In this stanza, Duffy describes a scene of war from the perspective of a war photographer. Firstly, she talks of the decay of the corpse of the martyr, describing it as a ‘half-formed ghost’ to further induce the element of death. Next she talks about how the martyr’s wife is mourning the death of her beloved. She talks about how he has to take the photo for his job, and how the martyr dies in a foreign land. She emphasizes on the tragedy dealt by the man’s wife, and how the photographer can do nothing about it. He has to take a photo of the scene without her consent, which is something considered to be wrong, and even a punishable offense. This brings back the moral challenges faced by the war photographer. She also elaborates on how martyrs shed their blood in an alien land, how they fight and loose their lives in a place foreign to them to keep their loved ones safe at home.

In the next stanza Carol Ann Duffy talks about how the world responds to this tragedy in such a cold way. “From which an editor will pick out five of six” shows an apathetic aspect of the editor, where he chooses moments of tragedy to be shown to the public, as though they are inanimate draft products to be finalized. Now, even these selected photos do not make the headlines despite the pain in them but only show up on supplements. The editor is doing his job at running his business, at the end of the day. We also see that the consumer of these photographs is busy, and only pays attention to it for sometime in the day. Both bathing and drinking are activities done for pleasure, and are used to contradict the tragedy in war, and to show how they are irrelevant to the majority of the world. She then writes about how he earns a living by fighting through dilemmas and witnessing the tragedies, whilst the world does not care much. Society coldly ignores it, moving on as it would otherwise.

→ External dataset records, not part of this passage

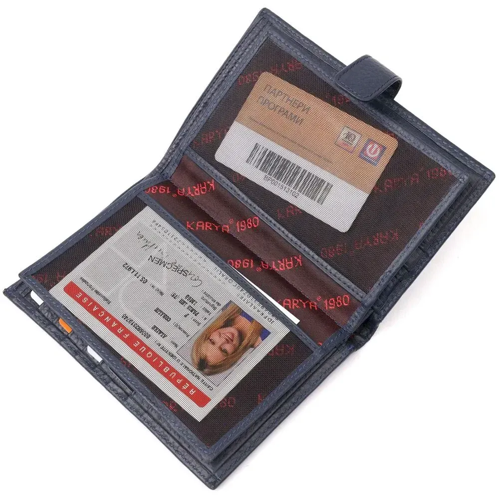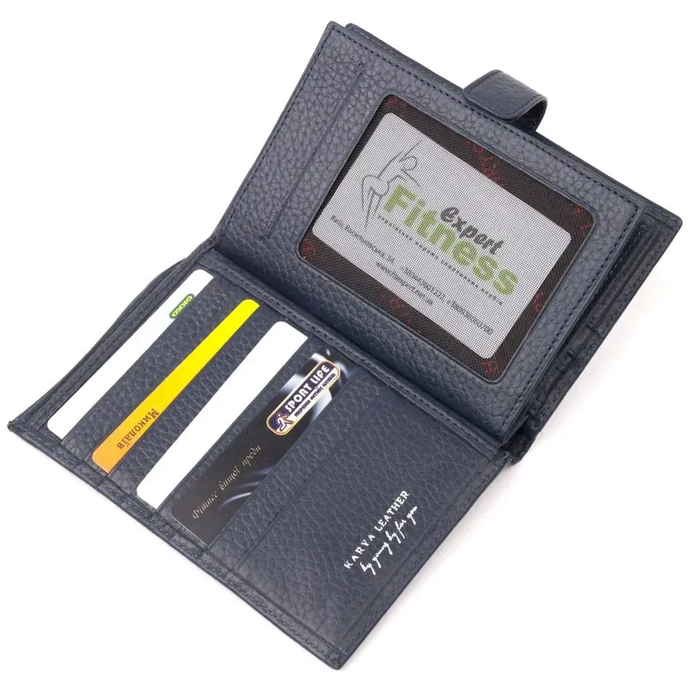 Вертикальне чоловіче портмоне з хлястиком із натуральної шкіри KARYA 21190 Синій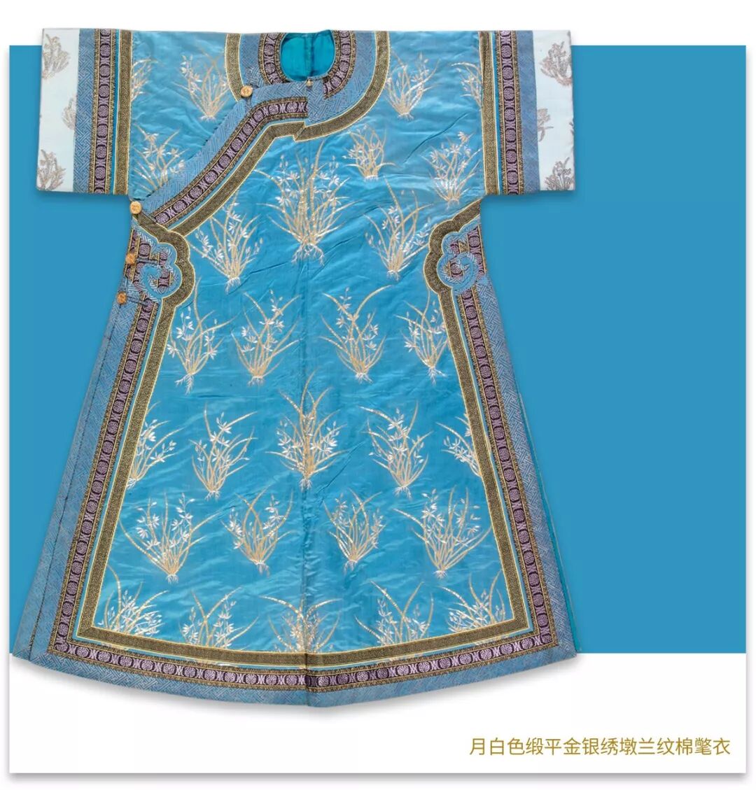 此氅衣基調月白色,金銀繡蘭花既寫實又富於裝飾性,一派嫻靜中又有皇家的顯赫華燦。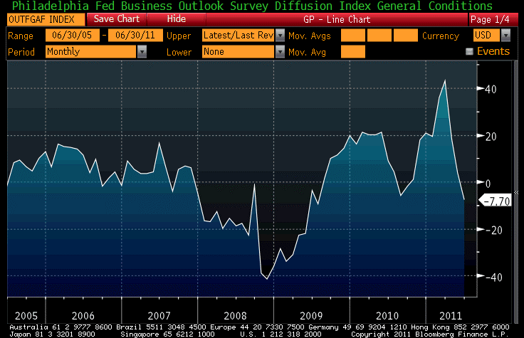 In the middle of this maelstrom, the Federal Reserve is meeting tomorrow and will make an announcement in the afternoon that will presumably not stray far from the expected text. The FOMC will note weakening data, which it will categorize as “likely temporary,” and will somehow acknowledge that QE2 officially ends this month. They are not likely to make important changes to the wording, or to their approach, at this meeting, because the Committee will want to see how the end of quantitative easing affects markets before taking another step. After the statement, Bernanke steps into the klieg lights for his close-up, with equal probabilities of him saying something really dumb or nothing useful at all.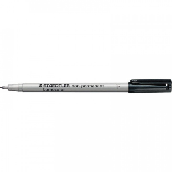Feutre Lumocolor effaçable 0,6mm noir. Pour la rétroprojection et la plupart des surfaces, encre effaçable sur surfaces lisses à l'aide d'un chiffon humide Encre soluble à l'eau Séchage rapide sur le support Corps et capuchon avec clip en polypropylène garantissant une longue durée de vie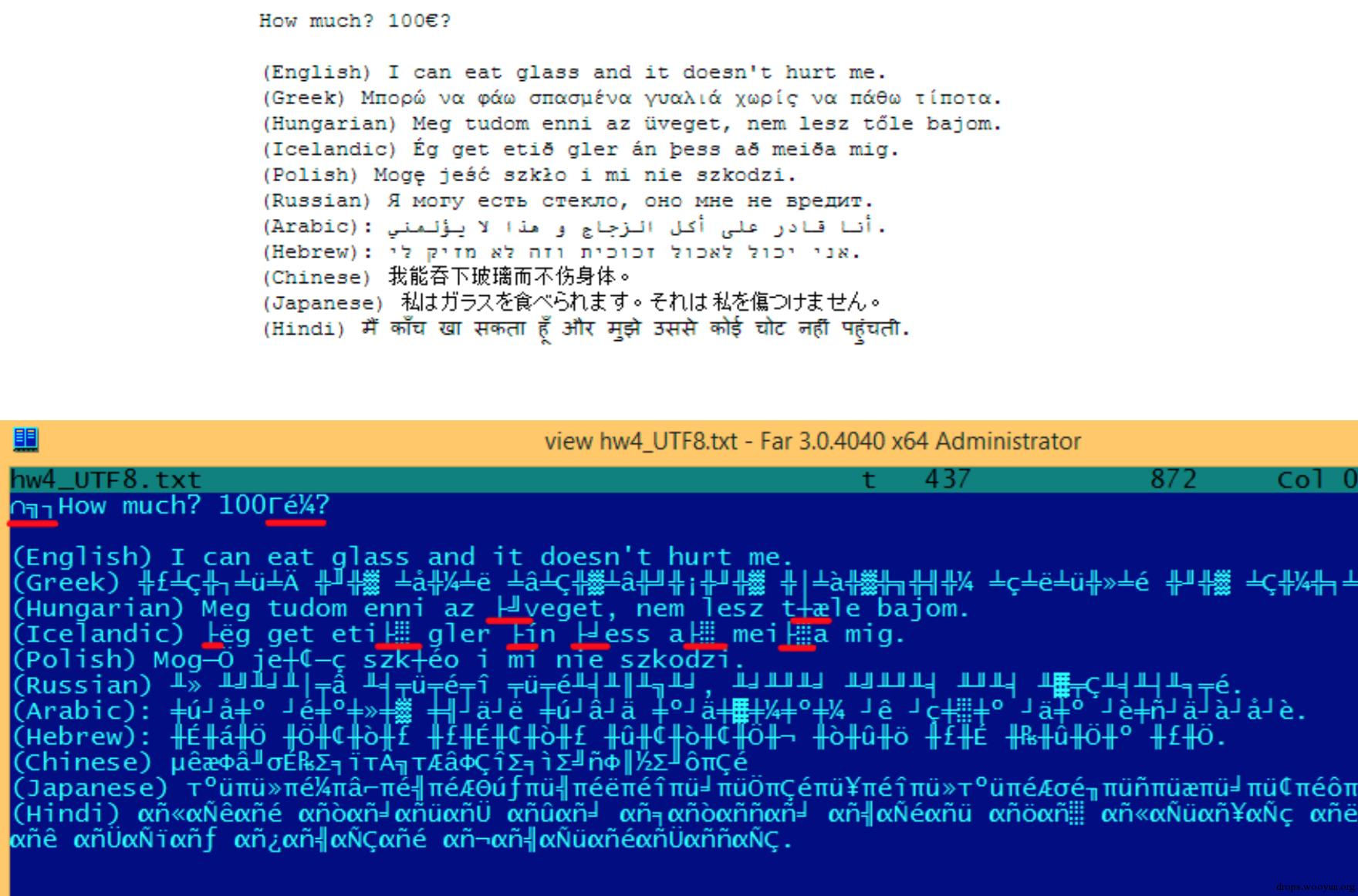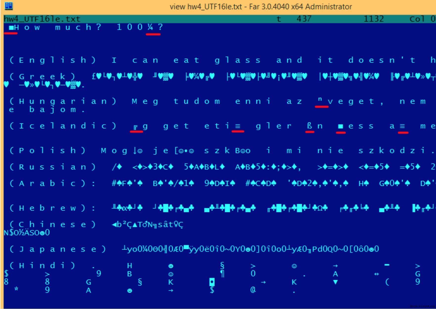 我们来看看不同语言中的符号在UTF-8中是如何被编码的,在FAR中看上去又是什么样的,使用437内码表: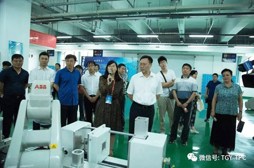 王继平一行观看了唐工院《建设国家优质高职院校,服务京津冀协同发展国家战略》的专题汇报片,考察了唐工院校企共建企业——曹妃甸合心机器人系统集成有限公司和拓又达科技集团、与中车唐山机车车辆有限公司共建的动车组技术实训区、液压有源检测项目、省级院士工作站——快速制造技术中心,与在唐工院学习交流的爱尔兰都柏林理工学院留学生纳赛尔·莫杰塔巴进行交谈并询问了唐工院与爱尔兰合作项目情况。调研中,田秀萍、马良军介绍了唐工院的办学、实训、校企合作、集团化办学和人才培养等基本情况。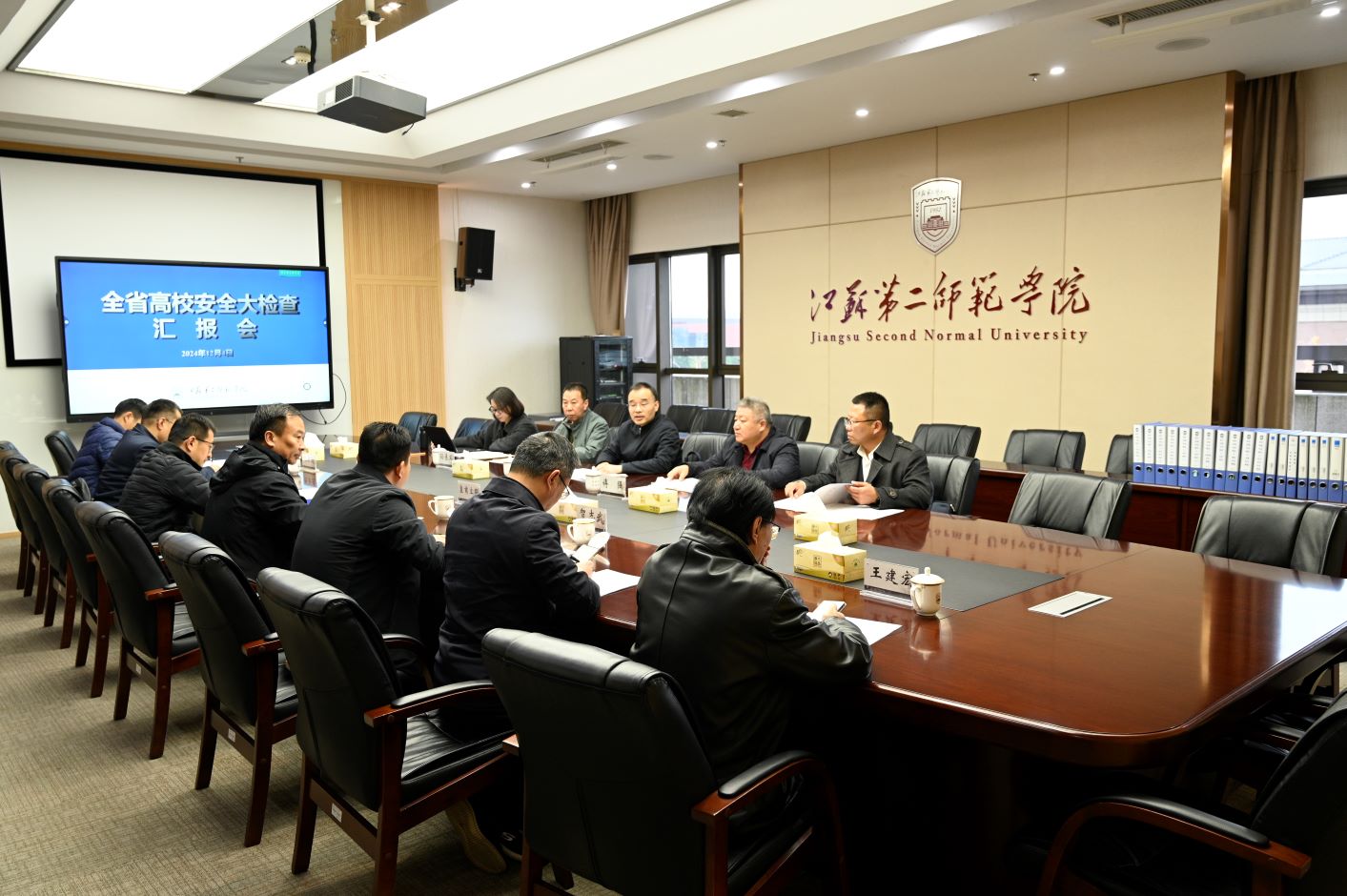 汇报会上,皇甫立同副校长代表学校对检查组一行表示热烈欢迎,并从顶层设计、制度落实、安全意识养成及日常监督管理四个方面简要介绍了全校安全工作现状。贺志武处长就学校安全工作开展情况向检查组作专题汇报。会后,检查组通过查阅台账、实地走访等方式,围绕消防安全、交通安全、食品卫生安全和治安防范等内容展开全面安全检查。检查中,专家们精准把脉、悉心指导,对学校工作中的特色亮点予以充分肯定,对存在的问题隐患提出整改建议。

In the end, I would like to bring the attention of the reader back to the morality of the profession again, as I fear I may not have given justice to the topic. On one side the photographer takes photos of the mourning beloved and the lifeless corpses but does nothing to help them. Yes, he does not have the ability to help them, in most cases, but such a tragedy seen with ones own eyes will, under most cases induce guilt into the heart of a moral man with sentiments pursuing this profession. But at the same time, this is his job. He is either doing this because he sees it as an ethical obligation, to convey the sufferings of war to the rest of the world; or he is doing it for a living, to fill his stomach. Duffy does not elaborate on either, perhaps because she does not want to explore these themes, and is thus left anonymous, and can go both ways.